The Game: Darkness has fallen anew upon Sosaria, and Lord British calls for your service again. You set out with four adventurers on a quest to gain the experience that will be necessary to survive the long voyage to a volcanic island where the source of all the evil plaguing the world is said to be. (Sven Carlberg, 2002)
Memories: Programmed as a homebrew project, this unofficial version of Ultima III ports the massive home computer RPG to the Game Boy Color. If even half of the game survives that translation intact, that’s a stupendous achievement. But how does it play?
The answer: surprisingly well. If you’ve spent any time with the NES or Sega Master System translations of the Ultima games, you pretty much know what to expect here: the smorgasbord of keyboard-driven options has been gracefully confined to a menu system, which, when called up, will “stop time” long enough for you to make the selection you want. Not all of the available commands fit on a single screen, so all one has to do is punch over to the rest of those commands via the arrow key – a feature that the game’s author says is probably the most misunderstood thing about his port.
But with this supposedly being a port of the Commodore 64 edition of Ultima III, this means that anything you could do on the computer version can be done here. That actually puts this homebrew on a plane above the NES versions, which left stuff out or drastically simplified stuff for the sake of watering things down to a simpler menu system. If you’re looking for an Ultima III port that does everything the computer versions of the same title do, it’s here. On the Game Boy Color. If you can believe that.

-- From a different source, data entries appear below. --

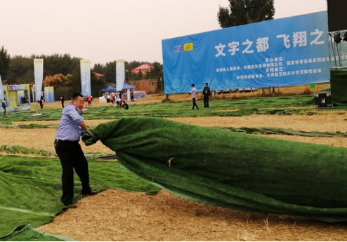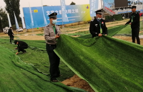 “把這邊拉整齊。”“我這里已經(jīng)鋪平了?!?月30日下午,第十二屆安陽航空運(yùn)動(dòng)文化旅游節(jié)主會(huì)場,在執(zhí)勤的公司保安員應(yīng)客戶要求忙著整理會(huì)場上草坪地毯。
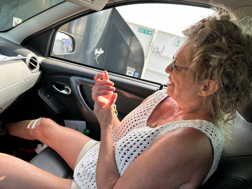 Gegen die Schmerzen hatte Karin was in ihrer Reiseapotheke und für die Prellungen musste kaltes Bier aus der Kühlbox herhalten. 😂
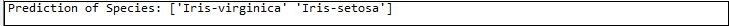 - print("Prediction of Species: {}".format(prediction))
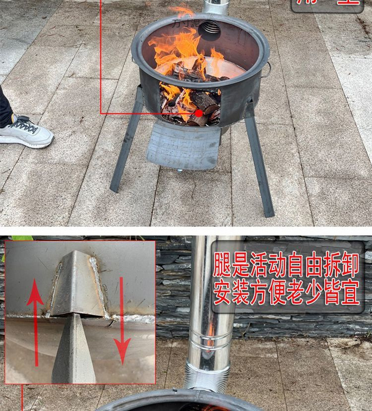 장작 난로, 야외 난로, 장작 난로, 가정용 장작 일체형 난로, 휴대용 두꺼운 강판 대형 스토브
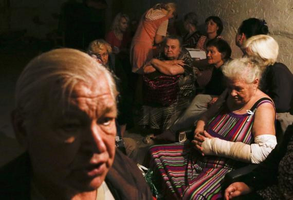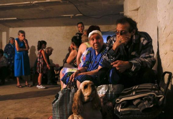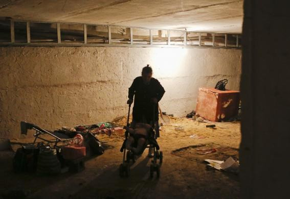 Người dân không giấu được nỗi lo sợ của mình khi đứng ở dưới tầng hầm giữa lúc bom đạn đang không ngừng được hai bên phóng ra.
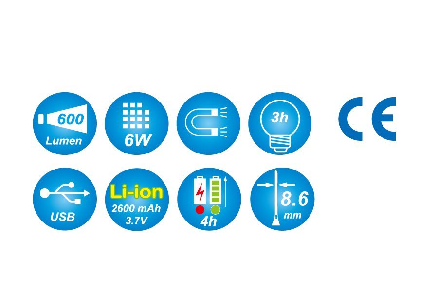 Brightness – Worklight : 600/250 Lumen (lm), Top light: 120 lumen (lm), white light color, kelvin : 6500K
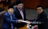 Mendagri Tjahjo Kumolo menyerahkan laporan pandangan pemerintah kepada Ketua DPR RI Setya Novanto saat Rapat Paripurna ke-32 masa persidangan V tahun sidang 2016-2017 di Kompleks Parlemen Senayan, Jakarta, Kamis (20/7). (FOTO : Wihdan Hidayat/Republika)
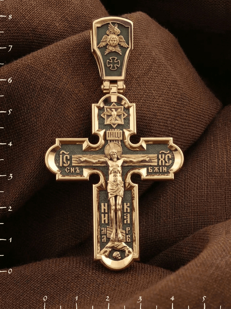 На лицевой стороне креста изображено Распятие Господа и Спасителя нашего Иисуса Христа. Христос, подвергнутый на кресте мучительной казни, своими страданиями искупил нас от древнего греха и даровал нам жизнь вечную. На верхней табличке, выше головы Иисуса, расположена надпись, составленная Понтием Пилатом — «IНЦI». Она означает «Иисус Назорей, Царь Иудейский». Надпись «IС ХС» означает Иисус Христос и словосочетание «СЫН БОЖИЙ», что означает божественную природу Иисуса Христа, помещается на разных сторонах поперечной перекладины креста. В нижней части креста находятся надписи –«НИКА» и «МЛРБ». В переводе с греческого, слово «НИКА» означает «победитель». Именно оно является символом победы Христа над смертью. Надпись «МЛРБ» — «место лобное рай бысть» означает, что место лобное стало раем. Крест стоит на горе камней, символизирующих Голгофу. Под подножием Креста изображена покоящаяся голова (череп) Адама, грехи которого Христос омыл Своею Кровью. Христос в Своей Божественной любви, над которой смерть не властна и которая, страдая, и не страдает в обычном смысле, простирает к людям со Креста Свои объятия, в которые призывается и привлекается весь мир. Поэтому Тело Его не висит, а торжественно покоится на Кресте.
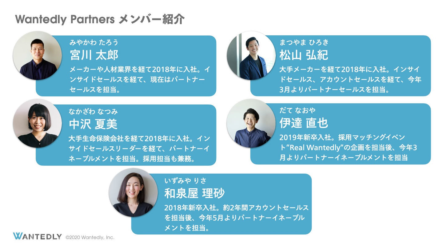 パートナー様による代理販売・運用代行の先にある事業成長に寄与することが、Wantedlyのミッション実現につながると強く信じて、チーム一丸となり邁進してまいります。
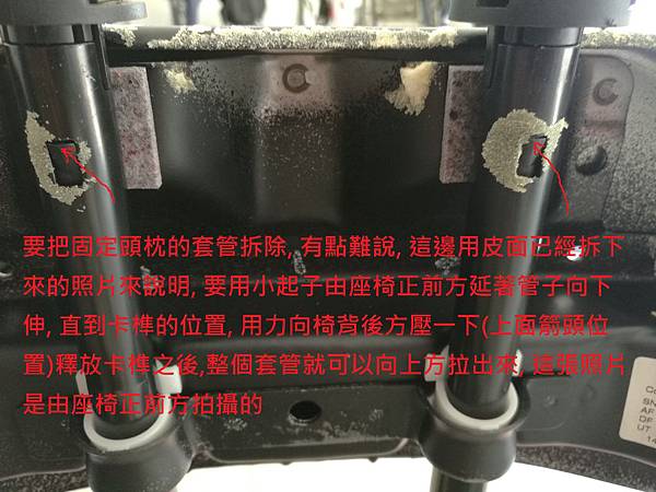 鬆開之後整個皮面就可以向上掀起來了, 掀開到最上面要把固定頭枕的兩個塑膠圓筒狀的套管拆掉, 他的設計是有個小卡榫卡在椅背支架的金屬管上,要由座椅正前方用一個小起子往下探,到了卡榫的那個缺口用起子往下壓,讓卡榫釋放之後就可以把這個圓桶裝的塑膠管向上方拉出來, 這個用文字比較難形容請直接看照片吧, 這照片是拆掉後才拍的, 沒拆之前很難拍到這個部份:
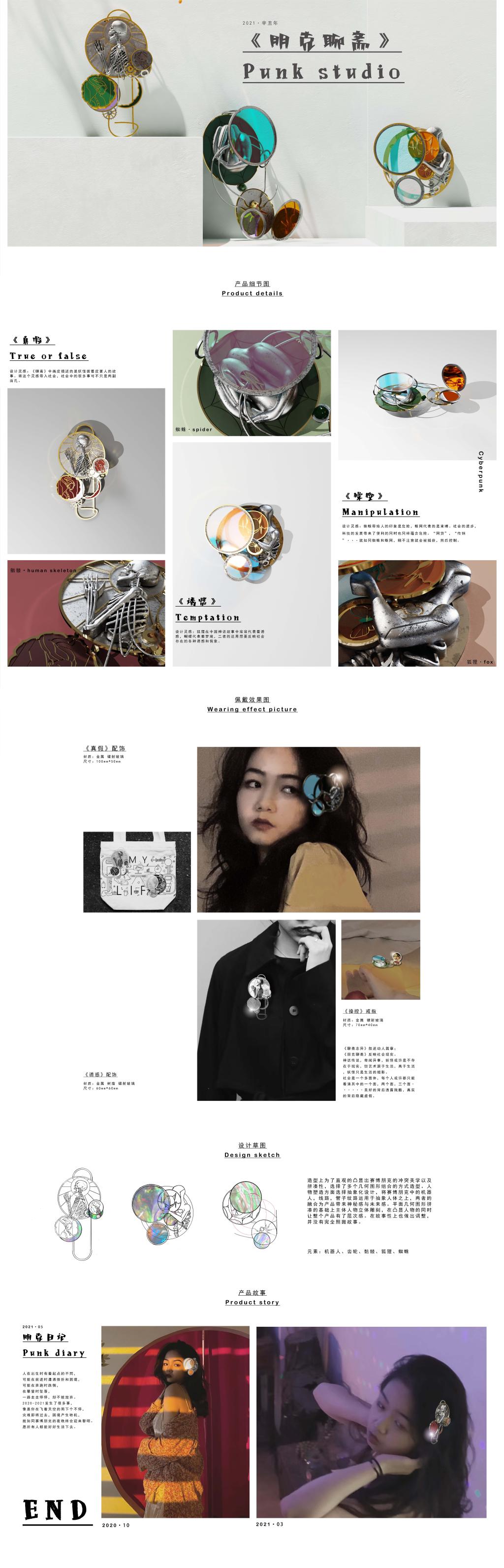 课题研究摘要:该课题主要以赛博朋克风为研究对象,探索其风格元素在中式首饰设计中的创新应用,通过收集整理赛博朋克风运用在各个领域中的实例,分析其产品特点,在对赛博朋克风艺术特征进行分析的基础上,探讨分析其与中式首饰融合的可行性与方法。终确认采用赛博朋克风元素与中式元素融合,辅以常见的中式首饰应用的材料,配色与故事性相结合,有效避免西化的同时,让中式首饰在融合了赛博朋克风格元素后能更好的适应年轻人的审美需求,打造作品《朋克聊斋》。
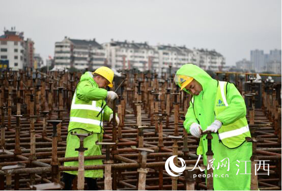 春節(jié)期間,興國(guó)縣重點(diǎn)項(xiàng)目紅軍大橋施工現(xiàn)場(chǎng),工人正在緊張有序作業(yè)。興國(guó)縣委宣傳部供圖

It also looks and sounds very much like the C64 version. One could argue that the console versions of Ultima III are prettier, their graphics optimized for their respective hardware and tweaked to be acceptable to a post-Legend Of Zelda audience, but this is what the game looked like when I first set eyes on it in the ’80s.
And that brings me to one last point: this homebrew was available for ten years before I’d ever heard of it. Thank goodness. Back in the day, even the Game Boy Color was a huge timesink for me – whole lunch hours would disappear into a game of Monopoly. If I had been aware of this homebrew, and things like flash carts, I never would’ve left the house. Or the bathtub, in all likelihood. It’s that good.